**What you are asked to do**: Write out the listing verbatim. No pictures belong in it.

BEGIN Source data

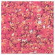 A blanket of autumn leaves in shades of red and coral orange on a deep maroon red background
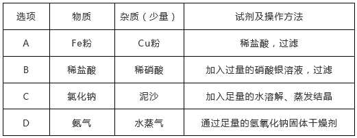 D、氢氧化钠固体具有吸水性,且不与氨气反应,能除去杂质且没有引入新的杂质,符合除杂原则,故选项所采取的方法正确。
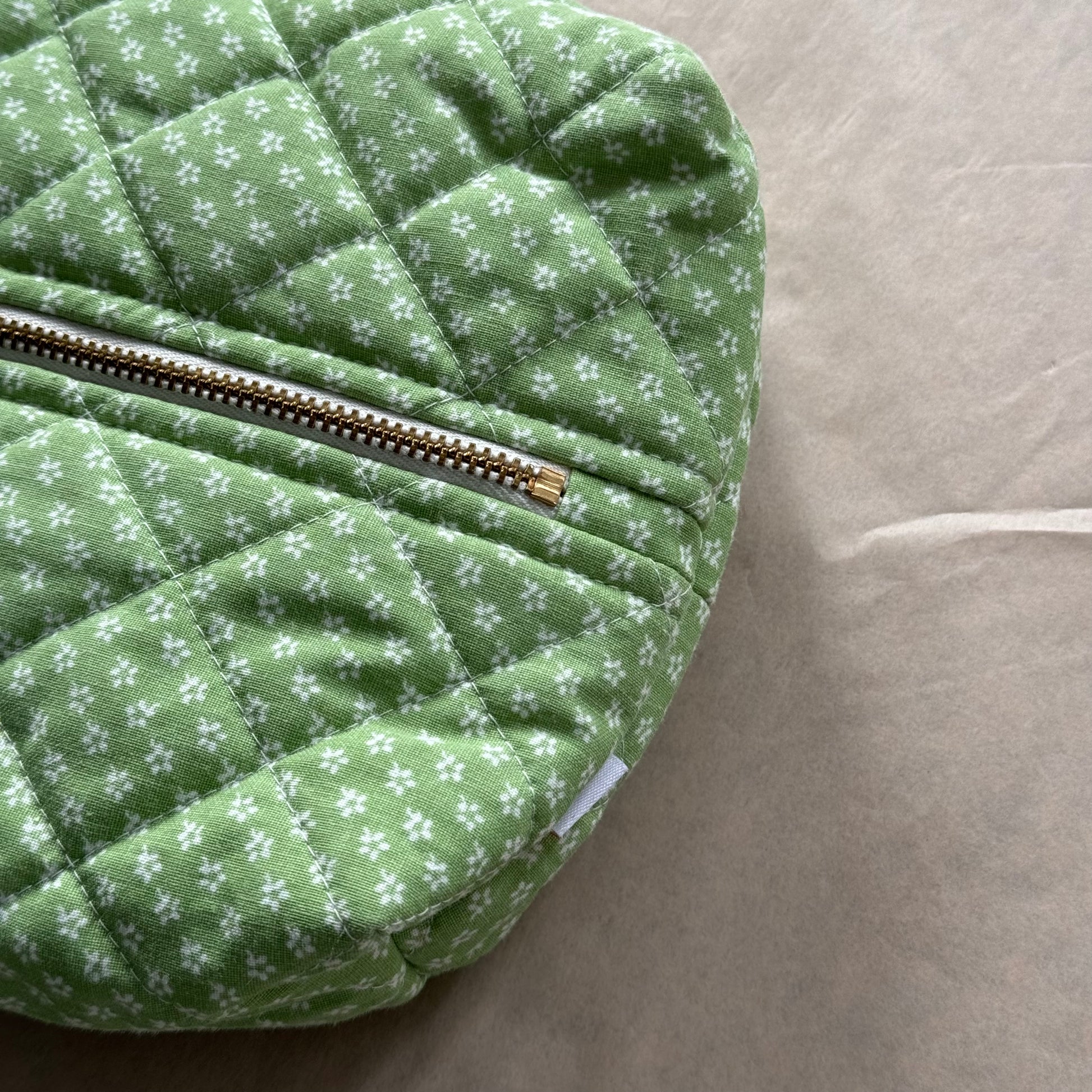 Toilettaske/makeuppung/penalhus, grøn m. Små hvide blomster - Vita Vass
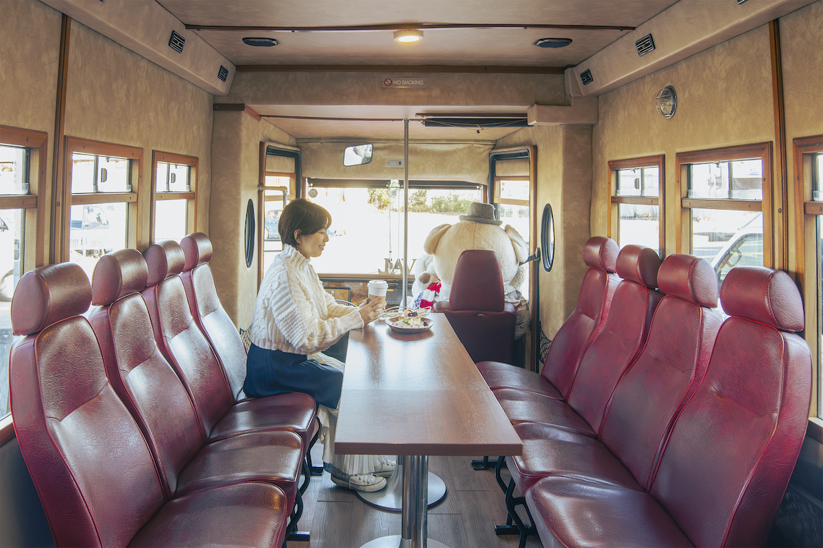 テラス席の隣には「フォード」の赤いボンネットバスが停まっていて、車内は客席になっています。個室空間なので、5名以上やファミリーを優先的にご案内しているそう。
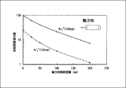 放射照度分布測定はモニタをランプ窓面より所定の距離に配置し、ランプ軸に垂直に移動させて分布を測定した。また、放射照度の距離依存特性を測定する際には、ランプ軸方向にモニタを移動させて測定した。放射照度分布の測定結果を図.5に、放射照度の距離依存特性の測定結果を図.6に示す。Ar2*、Kr2*エキシマランプ共に同じ放射照度分布を示した。窓面外周部の放射照度が高くなっているのは、ランプ構造に由来する。中空ランプ構造であるため窓面中心の放射照度が低くなってしまう。
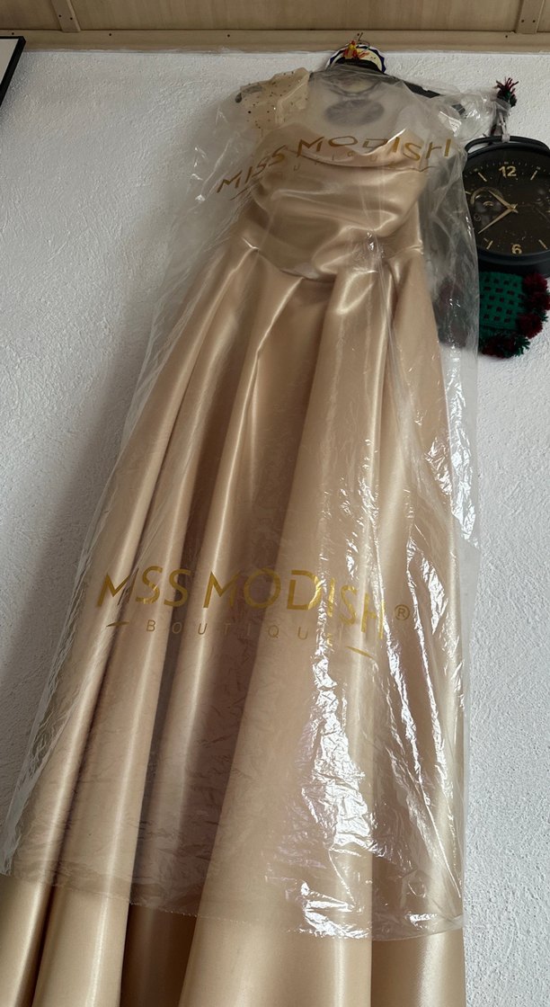 Bej renkli, parlak dokulu, drapeli ve straplez yakalı uzun abiye elbise. Kolsuz ve bol kesim olup düğün gibi özel günler için uygundur. Bir kez giydim kuru temizlemede detay temizlendi tertemizdir
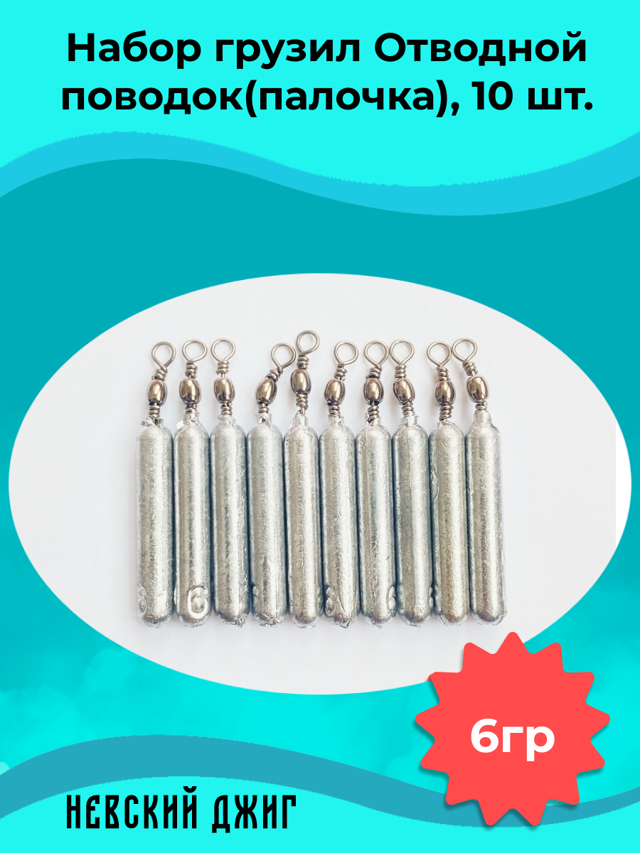 10 цен на Набор грузил для рыбалки Палочка 6 гр (упаковка 10 штук) на отводной поводок Дроп шот
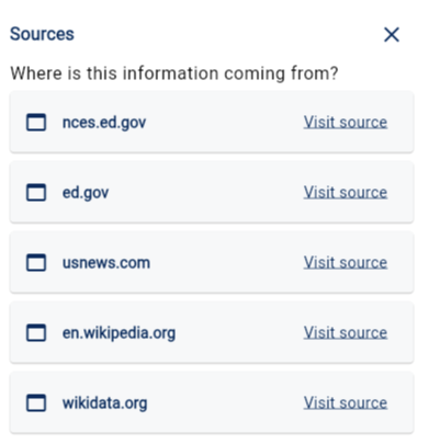 The “sources” list is hard to understand, and it doesn’t differentiate between sources nor does it attempt to tell students if one is more authoritative than the rest. And the links go to top-level pages, so there is no easy way to follow those links to get more details about UMass.
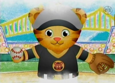 When Daniel make-believes that he is a baseball player, his uniform resembles that of the Pittsburgh Pirates. Additionally, the view behind Daniel is remarkably similar to the view seen at Pittsburgh's PNC Park.
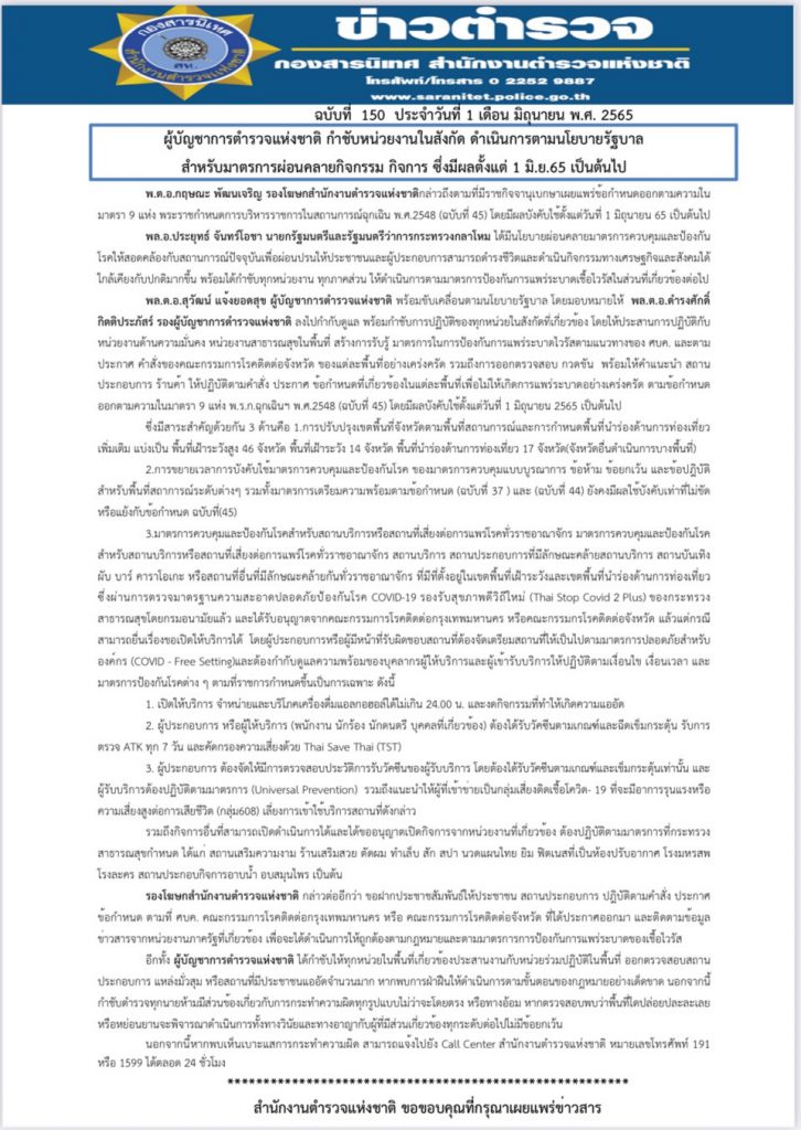 วันที่ 1 มิถุนายน 2565 ที่สำนักงานตำรวจแห่งชาติ(ตร.)พ.ต.อ.กฤษณะ พัฒนเจริญ รองโฆษกสำนักงานตำรวจแห่งชาติกล่าวถึงตามที่มีราชกิจจานุเบกษาเผยแพร่ข้อกำหนดออกตามความในมาตรา 9 แห่ง พระราชกำหนดการบริหารราชการในสถานการณ์ฉุกเฉิน พ.ศ.2548 (ฉบับที่ 45) โดยมีผลบังคับใช้ตั้งแต่วันที่ 1 มิถุนายน 65 เป็นต้นไปพล.อ.ประยุทธ์ จันทร์โอชา นายกรัฐมนตรีและรัฐมนตรีว่าการกระทรวงกลาโหม ได้มีนโยบายผ่อนคลายมาตรการควบคุมและป้องกันโรคให้สอดคล้องกับสถานการณ์ปัจจุบันเพื่อผ่อนปรนให้ประชาชนและผู้ประกอบการสามารถดำรงชีวิตและดำเนินกิจกรรมทางเศรษฐกิจและสังคมได้ใกล้เคียงกับปกติมากขึ้น พร้อมได้กำชับทุกหน่วยงาน ทุกภาคส่วน ให้ดำเนินการตามมาตรการป้องกันการแพร่ระบาดเชื้อไวรัสในส่วนที่เกี่ยวข้องต่อไป
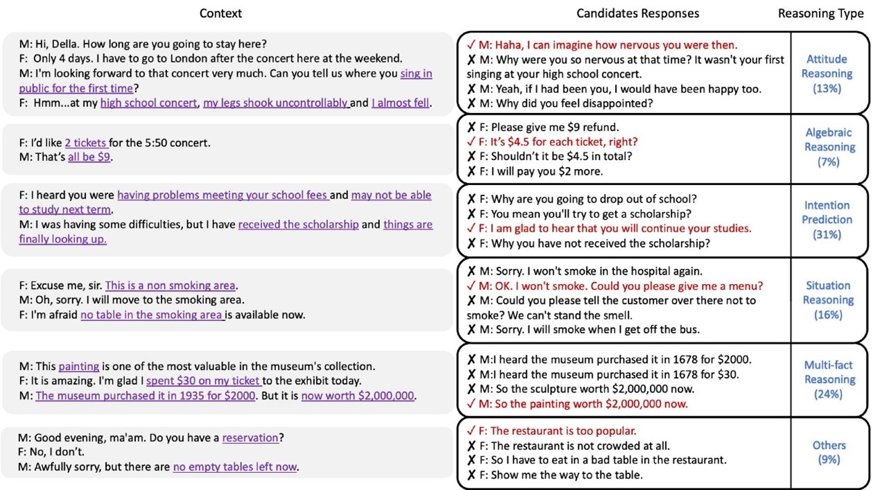 The specific types of reasoning are categorized into six types (Figure 3), including attitude reasoning (13%), algebraic reasoning (7%), intention prediction (31%), situation reasoning (16%), multi-fact reasoning (24%), and other commonsense reasoning (9%). These six types of reasoning are considered the most relevant to real chatbots. For example, it enables chatbots to make personal recommendations if the chatbot knows the user’s attitude. The ability of intention prediction allows chatbots to respond more intelligently in a long conversation session.
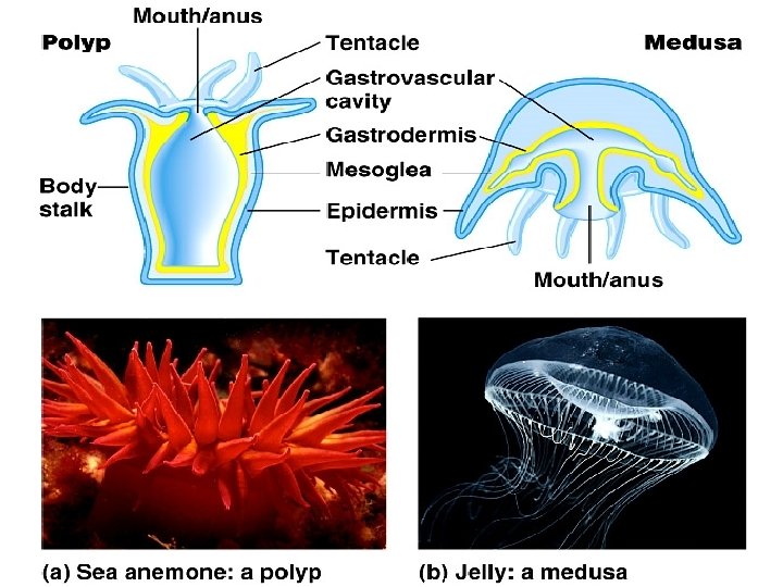 Two Main Body Plans of Cnidarians UPRIGHT TENTACLES HANG DOWN epidermis Polyp mouth mesoglea gastrodermis Medusa Mesoglea THICK Mesoglea THIN
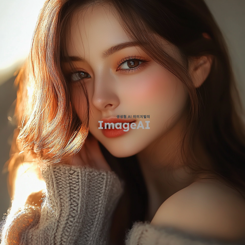 사진속의 여성이 따스한 조명속 포근한 니트를 입고 있다.

END Source data

**Final answer**:
 A blanket of autumn leaves in shades of red and coral orange on a deep maroon red background
 D、氢氧化钠固体具有吸水性,且不与氨气反应,能除去杂质且没有引入新的杂质,符合除杂原则,故选项所采取的方法正确。
 Toilettaske/makeuppung/penalhus, grøn m. Små hvide blomster - Vita Vass
 テラス席の隣には「フォード」の赤いボンネットバスが停まっていて、車内は客席になっています。個室空間なので、5名以上やファミリーを優先的にご案内しているそう。
 放射照度分布測定はモニタをランプ窓面より所定の距離に配置し、ランプ軸に垂直に移動させて分布を測定した。また、放射照度の距離依存特性を測定する際には、ランプ軸方向にモニタを移動させて測定した。放射照度分布の測定結果を図.5に、放射照度の距離依存特性の測定結果を図.6に示す。Ar2*、Kr2*エキシマランプ共に同じ放射照度分布を示した。窓面外周部の放射照度が高くなっているのは、ランプ構造に由来する。中空ランプ構造であるため窓面中心の放射照度が低くなってしまう。
 Bej renkli, parlak dokulu, drapeli ve straplez yakalı uzun abiye elbise. Kolsuz ve bol kesim olup düğün gibi özel günler için uygundur. Bir kez giydim kuru temizlemede detay temizlendi tertemizdir
 10 цен на Набор грузил для рыбалки Палочка 6 гр (упаковка 10 штук) на отводной поводок Дроп шот
 The “sources” list is hard to understand, and it doesn’t differentiate between sources nor does it attempt to tell students if one is more authoritative than the rest. And the links go to top-level pages, so there is no easy way to follow those links to get more details about UMass.
 When Daniel make-believes that he is a baseball player, his uniform resembles that of the Pittsburgh Pirates. Additionally, the view behind Daniel is remarkably similar to the view seen at Pittsburgh's PNC Park.
 วันที่ 1 มิถุนายน 2565 ที่สำนักงานตำรวจแห่งชาติ(ตร.)พ.ต.อ.กฤษณะ พัฒนเจริญ รองโฆษกสำนักงานตำรวจแห่งชาติกล่าวถึงตามที่มีราชกิจจานุเบกษาเผยแพร่ข้อกำหนดออกตามความในมาตรา 9 แห่ง พระราชกำหนดการบริหารราชการในสถานการณ์ฉุกเฉิน พ.ศ.2548 (ฉบับที่ 45) โดยมีผลบังคับใช้ตั้งแต่วันที่ 1 มิถุนายน 65 เป็นต้นไปพล.อ.ประยุทธ์ จันทร์โอชา นายกรัฐมนตรีและรัฐมนตรีว่าการกระทรวงกลาโหม ได้มีนโยบายผ่อนคลายมาตรการควบคุมและป้องกันโรคให้สอดคล้องกับสถานการณ์ปัจจุบันเพื่อผ่อนปรนให้ประชาชนและผู้ประกอบการสามารถดำรงชีวิตและดำเนินกิจกรรมทางเศรษฐกิจและสังคมได้ใกล้เคียงกับปกติมากขึ้น พร้อมได้กำชับทุกหน่วยงาน ทุกภาคส่วน ให้ดำเนินการตามมาตรการป้องกันการแพร่ระบาดเชื้อไวรัสในส่วนที่เกี่ยวข้องต่อไป
 The specific types of reasoning are categorized into six types (Figure 3), including attitude reasoning (13%), algebraic reasoning (7%), intention prediction (31%), situation reasoning (16%), multi-fact reasoning (24%), and other commonsense reasoning (9%). These six types of reasoning are considered the most relevant to real chatbots. For example, it enables chatbots to make personal recommendations if the chatbot knows the user’s attitude. The ability of intention prediction allows chatbots to respond more intelligently in a long conversation session.
 Two Main Body Plans of Cnidarians UPRIGHT TENTACLES HANG DOWN epidermis Polyp mouth mesoglea gastrodermis Medusa Mesoglea THICK Mesoglea THIN
 사진속의 여성이 따스한 조명속 포근한 니트를 입고 있다.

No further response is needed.